Stoel Rives LLP is a U.S. business law firm with 10 office locations in seven U.S. states and Washington, D.C. Headquartered in Portland, Oregon, in the Park Avenue West Tower, it is the largest law firm in the state of Oregon, having 326 attorneys and a total staff of 639 as of 2023. Stoel Rives handles corporate, energy, environmental, intellectual property, labor and employment, land use and construction, litigation, natural resources and renewable energy law.

==History==
Stoel Rives began as the Portland-based firm of Carey & Kerr, which was founded in 1907. At the time, the firm was located at Third and Stark streets in the Chamber of Commerce Building. In 1911, it moved to the Yeon Building. In 1931, the firm's name became Carey, Hart, Spencer & McCulloch, with the latter being Charles E. McCulloch for which McCulloch Stadium in Salem, Oregon, is named. In 1970, the then named Davies, Biggs, Strayer, Stoel and Boley moved to the Georgia-Pacific Building (now Standard Insurance Center) on Fifth Avenue. In 1979, the firm merged with another large Portland firm, Rives, Bonyhadi and Smith, founded in 1935, to become Stoel, Rives, Boley, Fraser and Wyse ("Stoel Rives").

In 1987, Stoel Rives merged with Seattle-based Jones, Grey and Bayley, founded in 1912, to become Stoel, Rives, Boley, Jones & Grey. The firm expanded into Boise, Idaho in 1991, Salt Lake City, Utah in 1992, and California in 2001, establishing a presence in Sacramento, San Francisco and Lake Tahoe with the acquisition of Washburn, Briscoe & McCarthy. The firm's geographic footprint expanded further with the opening of offices in San Diego, California (2006), Minneapolis, Minnesota (2007), Anchorage, Alaska (2008) and Washington, D.C. (2013). The firm became Stoel Rives in 1996.
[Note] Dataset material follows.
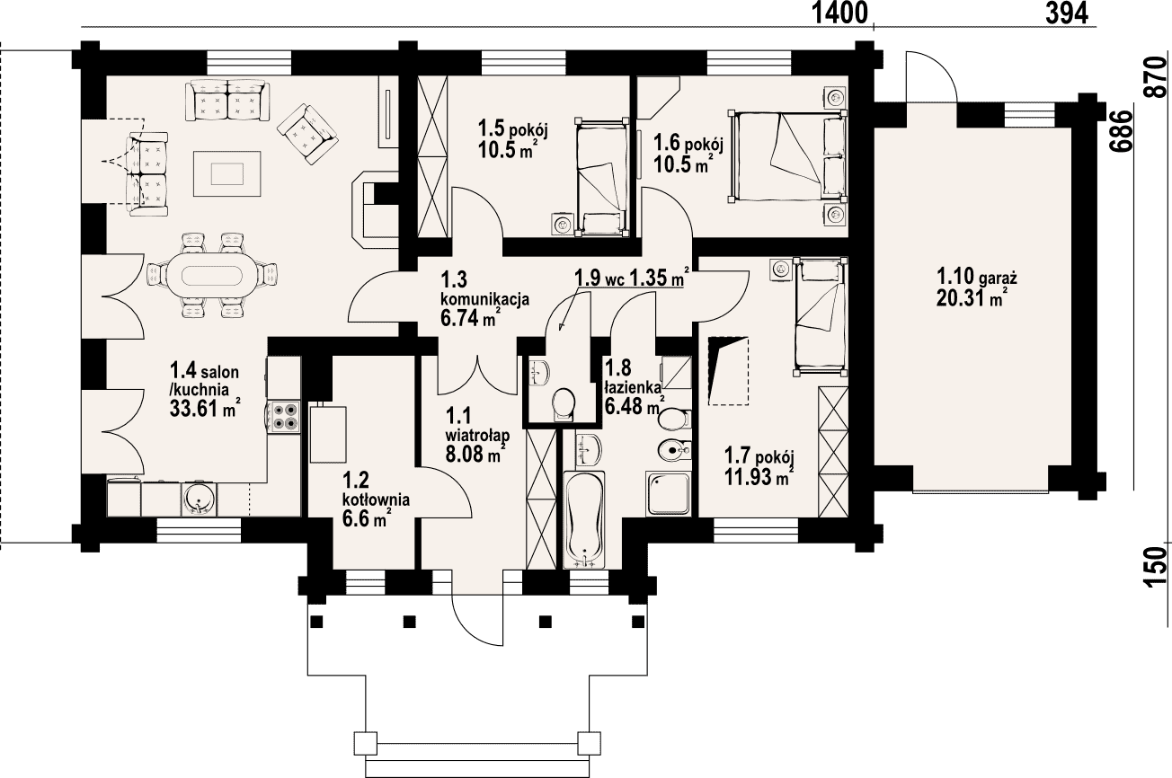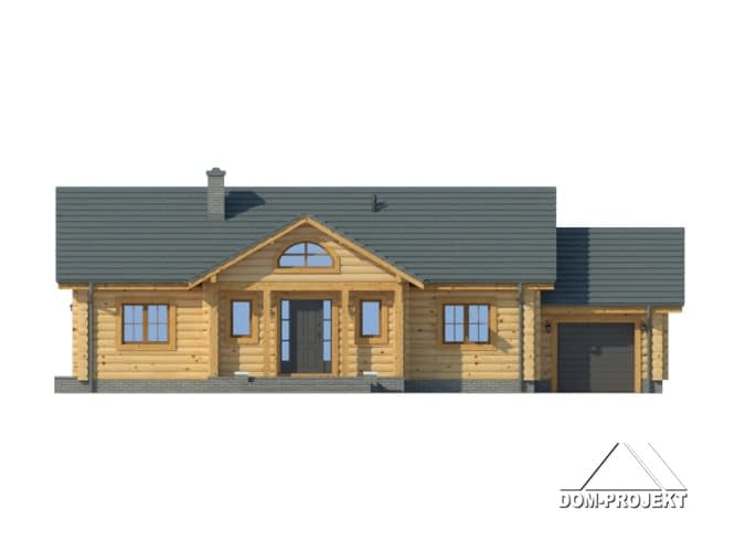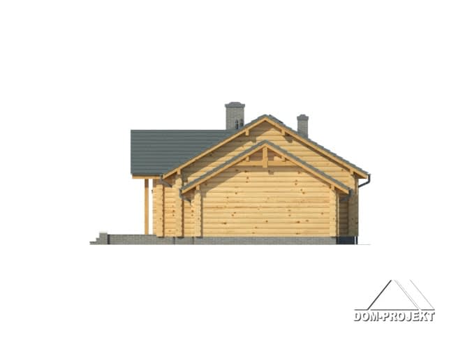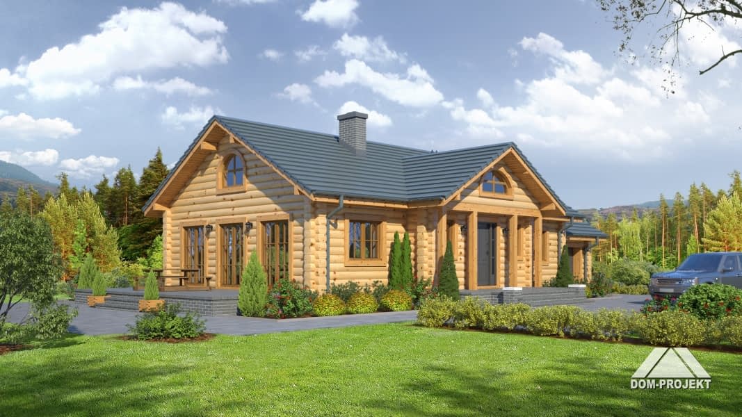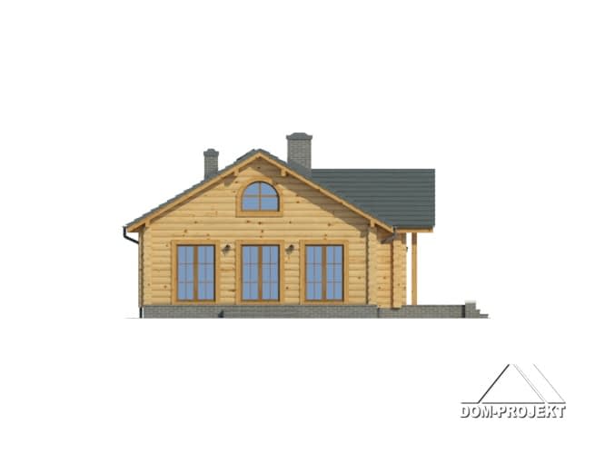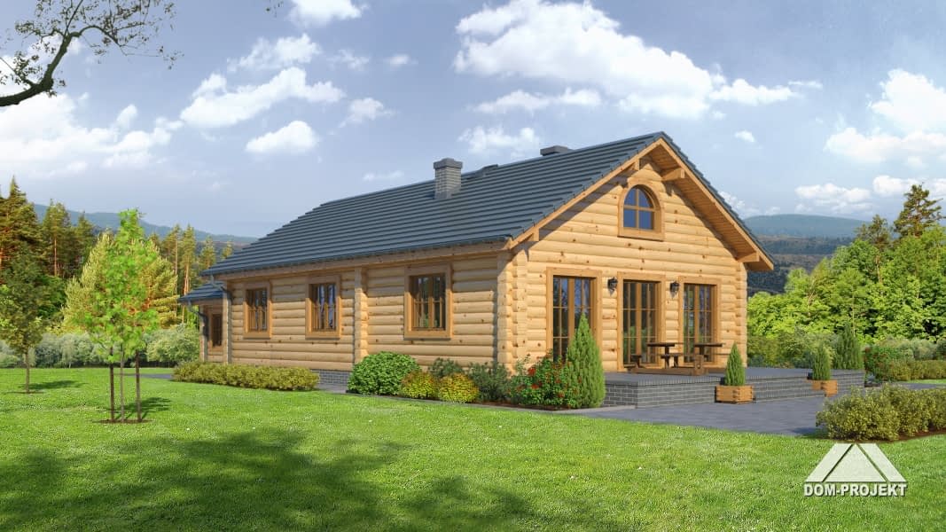 Dom z bali drewnianych. Parterowy. Duży salon z aneksem kuchennym, kominkiem i wyjściami na taras. Trzy pokoje, łazienka, wc, komunikacja, wiatrołap, kotłownia i garaż. Prosta bryła i dwuspadowy dach sprzyjają szybkiej budowie i niskim kosztom eksploatacji.Rzuty

In January 2020, Stoel Rives named Melissa A. Jones as the Firm Managing Partner. Stoel Rives moved into the new Park Avenue West Tower in May 2016.

In July 2017, the firm laid off 17 administrative employees and outsourced staffing for its reception, IT, concierge, catering, and records departments to DTI.

==Awards==
- Chambers and Partners currently rated 92 Stoel Rives lawyers among the best in their practice areas. The firm's Renewable and Alternative Energy Law practice and its Food and Beverage practice are both rated among the best in the United States by Chambers, with another 24 practice areas receiving recognition across multiple states. (2017)
- The firm currently has 137 attorneys and 67 legal practice categories listed in Best Lawyers in America, (2018).
- In its "Best Law Firms in America" survey, U.S. News & World Reportranks Stoel Rives national Tier 1 for Construction Law, Corporate Law, Energy Law, Environmental Law, Litigation - Construction, Litigation - Environmental, Natural Resources Law, Real Estate Law, and Timber Law. In addition, the firm received 97 metropolitan Tier 1 rankings, 24 metropolitan Tier 2 rankings, and 7 metropolitan Tier 3 rankings. (2018)
- Stoel Rives is rated among the nation's 30 Best Law Firms for Outstanding Client Service, in an independent study conducted by the BTI Consulting Group.

==Publications==
Stoel Rives publishes a series of "Law of" handbooks, intended to provide a general overview of the legal and business issues involved in specific emerging or rapidly developing areas of law. The series include The Law of Wind—A Guide to Business and Legal Issues, Lava Law—Legal Issues in Geothermal Energy Development, The Law of Solar Energy—A Guide to Business and Legal Issues, The Law of Outdoor Industries—A Guide to Business and Legal Issues, and The Construction Lien in Washington—A Legal Analysis for the Construction Industry.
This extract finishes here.